With these improvements to both initial and incremental syncs, we also had to address a certain number of edge cases, including:
- No primary keys: Some tables do not have primary keys defined. In such rare cases, we have to default to the legacy method of loading data which can be inefficient.
- Storage Engines: MySQL allows users to specify their own storage engines. We’ve built this flow primarily for the default storage engine (InnoDB), which handles the most common scenario. Future work will include understanding different storage engines and optimizing for those use cases as well.
- Composite Indexes: MySQL tables can have composite indexes. In these cases, the first field associated with the composite primary key (e.g. a user_id field) is the field that represents the order in which table rows are stored on disk and the one that should be used for checkpointing an initial sync.
One area of future improvement is to read changes from the binlog during the initial sync. This will prevent a data re-sync scenario where an initial sync for a very large MySQL dataset could take longer than the binlog retention time configured in your MySQL instance.
Compressing State in Logical Replication (CDC) Mode
State messages play a pivotal role in tracking sync progress within the Airbyte platform. In CDC mode, these messages are passed to Debezium, which reads binlogs to determine where to resume data replication. However, for MySQL connectors, storing the schema of all accessible streams within a database in the state message led to bloated state messages, occasionally exceeding the 4MB limit supported by the platform (Temporal more specifically). This resulted in sync failures for databases with extensive schemas.
Airbyte resolved this issue by implementing state message compression, reducing the size of the state message by a remarkable 5x. This change enables successful synchronization of databases with larger schemas.
The uniform dataset to measure our performance progress
The benchmarking was conducted with the latest versions of the MySQL to Snowflake connectors, which you can find in our changelogs in our documentation. At the time of writing, the newest MySQL connector version was 3.1.1. You can also connect MySQL to Elasticsearch and MySQL to Redshift, among hundreds of other different types of connections thanks to Airbyte.

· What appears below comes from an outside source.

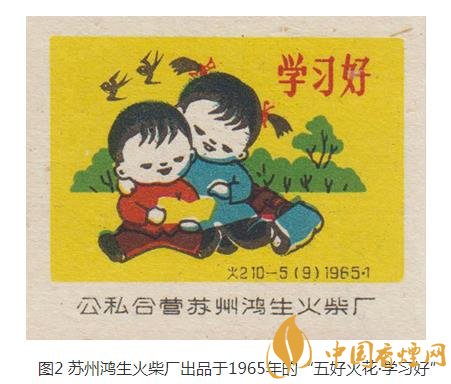 鳥欲高飛先振翅,人求上進先讀書。我國的火柴企業(yè)就出品過不少有讀書人身影的火花。1965年,蘇州鴻生火柴廠曾出品五枚/套的“五好”火花,其中“思想好”(圖1)一枚,描繪兩名兒童手捧一本《革命故事》書籍,津津有味閱讀的形象。
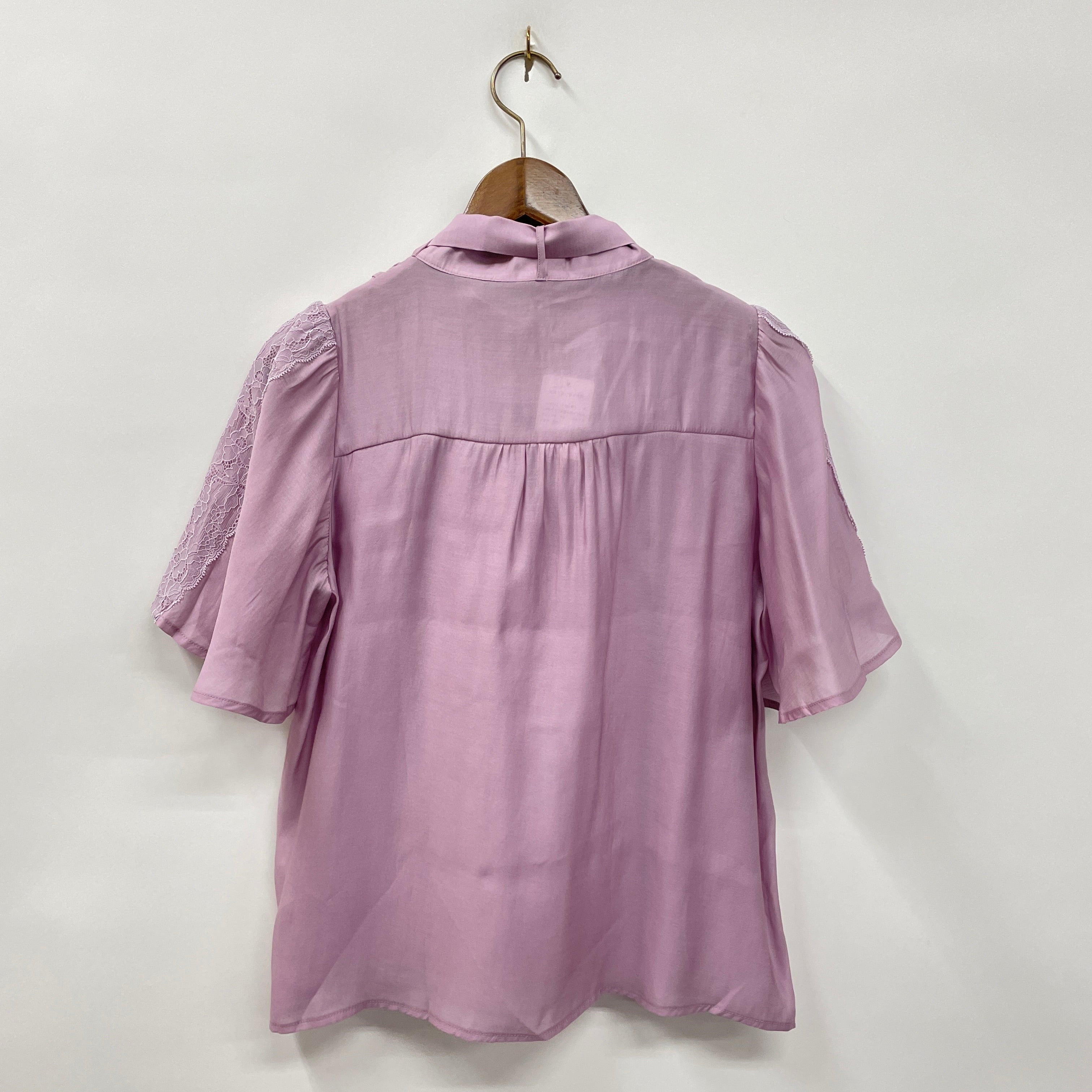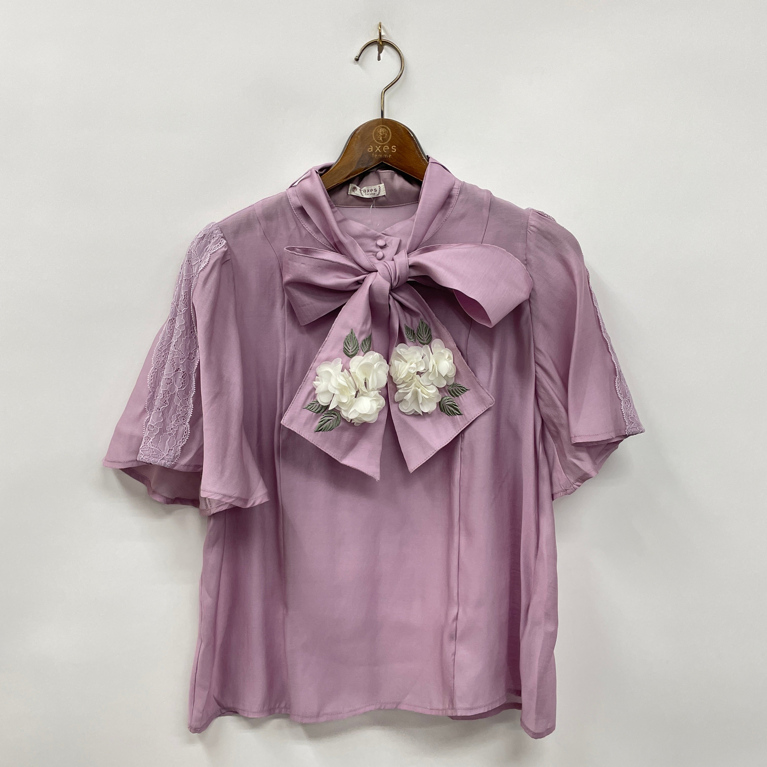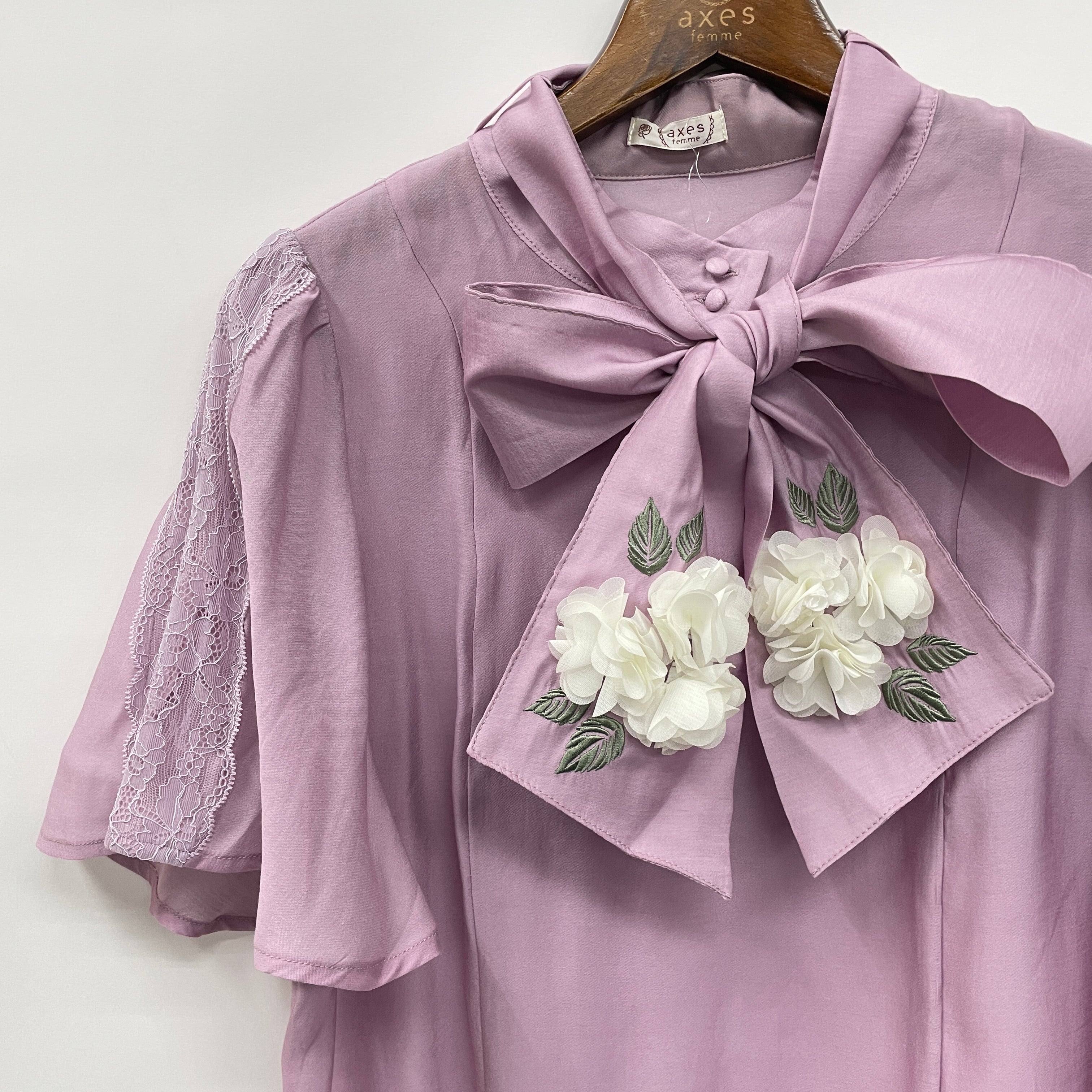 梅雨の時期を鮮やかに彩る紫陽花をシフォン生地のモチーフで表現したブラウスです。

The benchmarking was conducted using a 'users' table within a 100GB schema. This dataset consists of 116 GB on disk, which serializes to 202 GB (as measured by the Airbyte platform).
Here’s how you can create on your side:
Looking Forward: Faster Connectors & Parallelization
Our improved MySQL connector now provides you with a higher performing, more flexible and reliable experience replicating data from MySQL databases. In parallel, the team has iterated on many other table stakes features in the past few months:
- Automatically propagating new schemas without data resets
- Selecting columns to exclude prior to replicating
- Typing & deduping to more reliably load data into your destinations
Looking forward, we recognize the potential of parallelization to achieve significant performance gains. Replicating multiple data streams simultaneously is another huge opportunity for further performance improvements.
To stay tuned for more updates in the future on this topic, as always, you can consult our public roadmap for more detail on what’s coming next. Our ambition is to make Airbyte’s MySQL source connector the best in the industry.